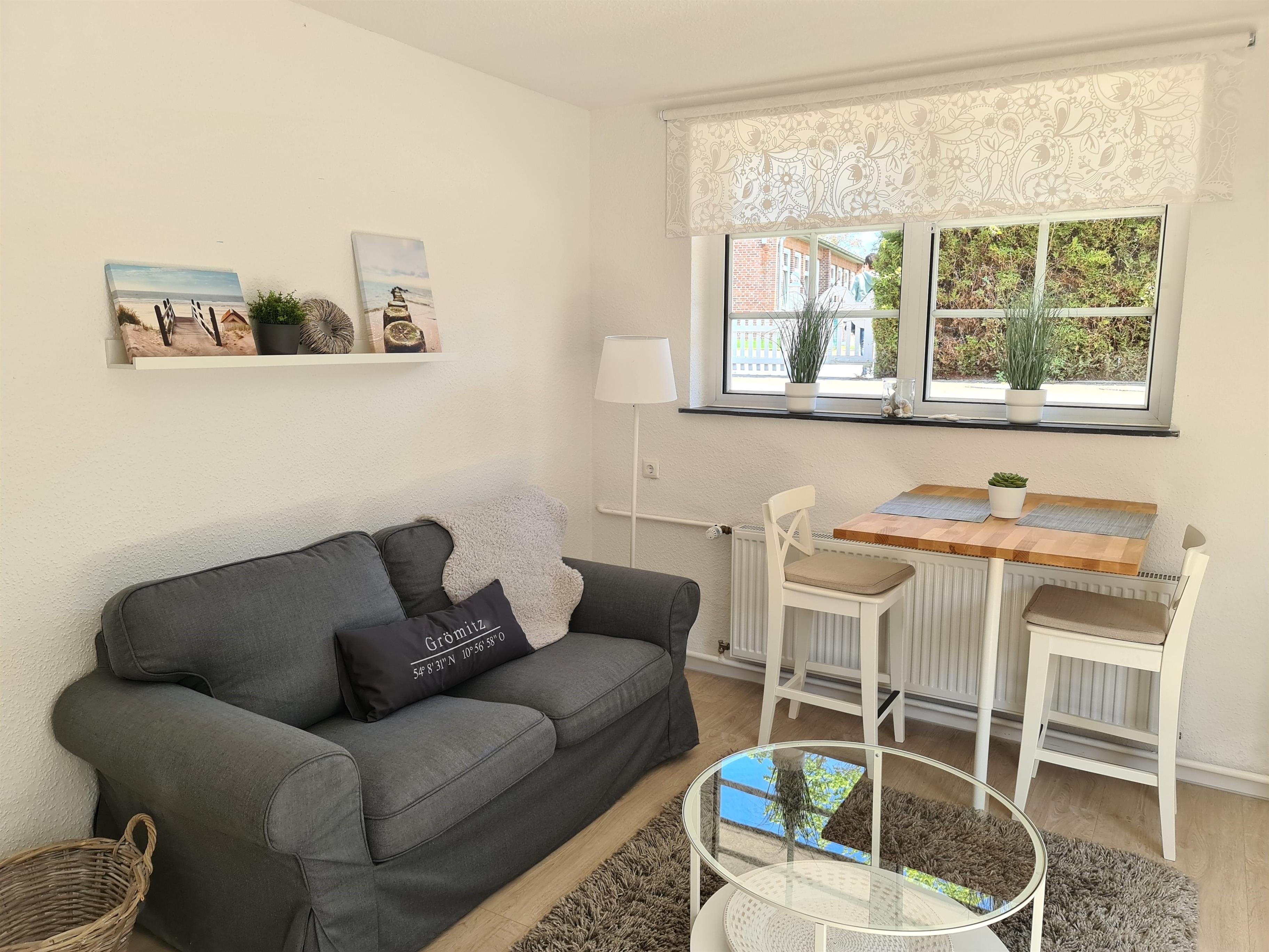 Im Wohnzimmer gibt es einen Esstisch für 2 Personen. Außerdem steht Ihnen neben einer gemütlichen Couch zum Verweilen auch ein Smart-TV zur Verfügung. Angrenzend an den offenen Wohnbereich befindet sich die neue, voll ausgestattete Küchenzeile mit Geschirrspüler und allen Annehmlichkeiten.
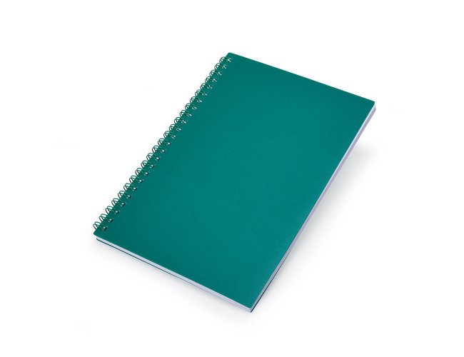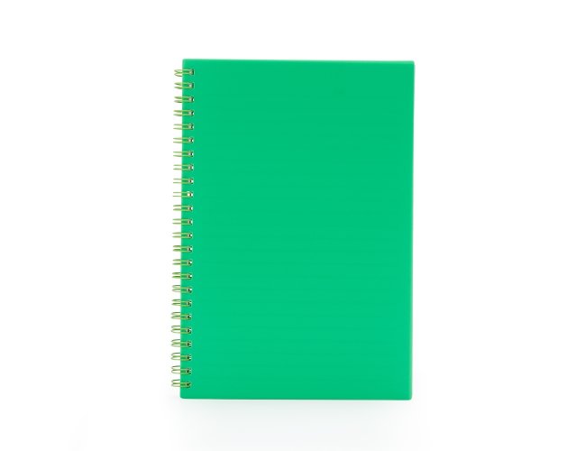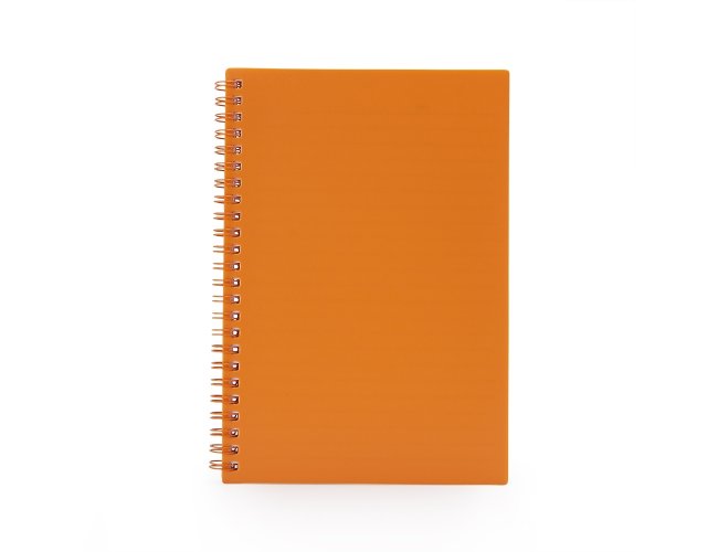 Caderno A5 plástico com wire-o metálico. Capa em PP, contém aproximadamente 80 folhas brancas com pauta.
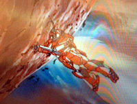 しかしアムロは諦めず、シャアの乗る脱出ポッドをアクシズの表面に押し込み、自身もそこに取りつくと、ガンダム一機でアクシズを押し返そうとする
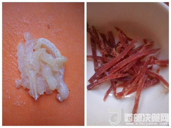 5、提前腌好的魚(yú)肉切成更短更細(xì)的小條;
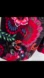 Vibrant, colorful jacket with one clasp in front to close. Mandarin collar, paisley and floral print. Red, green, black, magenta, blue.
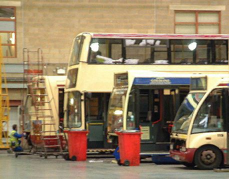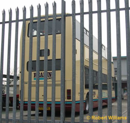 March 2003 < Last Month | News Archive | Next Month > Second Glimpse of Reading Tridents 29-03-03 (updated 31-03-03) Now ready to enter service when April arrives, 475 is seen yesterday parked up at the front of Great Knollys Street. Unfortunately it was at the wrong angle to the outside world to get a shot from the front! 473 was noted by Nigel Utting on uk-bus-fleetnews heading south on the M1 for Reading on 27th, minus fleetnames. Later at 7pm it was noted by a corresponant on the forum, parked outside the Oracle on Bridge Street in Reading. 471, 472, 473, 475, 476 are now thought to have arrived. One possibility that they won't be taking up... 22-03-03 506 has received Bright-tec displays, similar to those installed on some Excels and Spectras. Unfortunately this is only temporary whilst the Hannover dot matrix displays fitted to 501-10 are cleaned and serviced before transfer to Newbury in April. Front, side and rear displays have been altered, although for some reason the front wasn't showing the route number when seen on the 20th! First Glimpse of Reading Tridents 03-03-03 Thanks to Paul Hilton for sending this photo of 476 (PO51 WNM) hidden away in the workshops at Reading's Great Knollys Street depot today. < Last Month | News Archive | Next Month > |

++++++++

**PROMPT**
Your output must reproduce the material above in full, with no pictures.

**RESPONSE TO THE EXERCISE**
 Im Wohnzimmer gibt es einen Esstisch für 2 Personen. Außerdem steht Ihnen neben einer gemütlichen Couch zum Verweilen auch ein Smart-TV zur Verfügung. Angrenzend an den offenen Wohnbereich befindet sich die neue, voll ausgestattete Küchenzeile mit Geschirrspüler und allen Annehmlichkeiten.
 Caderno A5 plástico com wire-o metálico. Capa em PP, contém aproximadamente 80 folhas brancas com pauta.
 しかしアムロは諦めず、シャアの乗る脱出ポッドをアクシズの表面に押し込み、自身もそこに取りつくと、ガンダム一機でアクシズを押し返そうとする
 5、提前腌好的魚(yú)肉切成更短更細(xì)的小條;
 Vibrant, colorful jacket with one clasp in front to close. Mandarin collar, paisley and floral print. Red, green, black, magenta, blue.
 March 2003 < Last Month | News Archive | Next Month > Second Glimpse of Reading Tridents 29-03-03 (updated 31-03-03) Now ready to enter service when April arrives, 475 is seen yesterday parked up at the front of Great Knollys Street. Unfortunately it was at the wrong angle to the outside world to get a shot from the front! 473 was noted by Nigel Utting on uk-bus-fleetnews heading south on the M1 for Reading on 27th, minus fleetnames. Later at 7pm it was noted by a corresponant on the forum, parked outside the Oracle on Bridge Street in Reading. 471, 472, 473, 475, 476 are now thought to have arrived. One possibility that they won't be taking up... 22-03-03 506 has received Bright-tec displays, similar to those installed on some Excels and Spectras. Unfortunately this is only temporary whilst the Hannover dot matrix displays fitted to 501-10 are cleaned and serviced before transfer to Newbury in April. Front, side and rear displays have been altered, although for some reason the front wasn't showing the route number when seen on the 20th! First Glimpse of Reading Tridents 03-03-03 Thanks to Paul Hilton for sending this photo of 476 (PO51 WNM) hidden away in the workshops at Reading's Great Knollys Street depot today. < Last Month | News Archive | Next Month > |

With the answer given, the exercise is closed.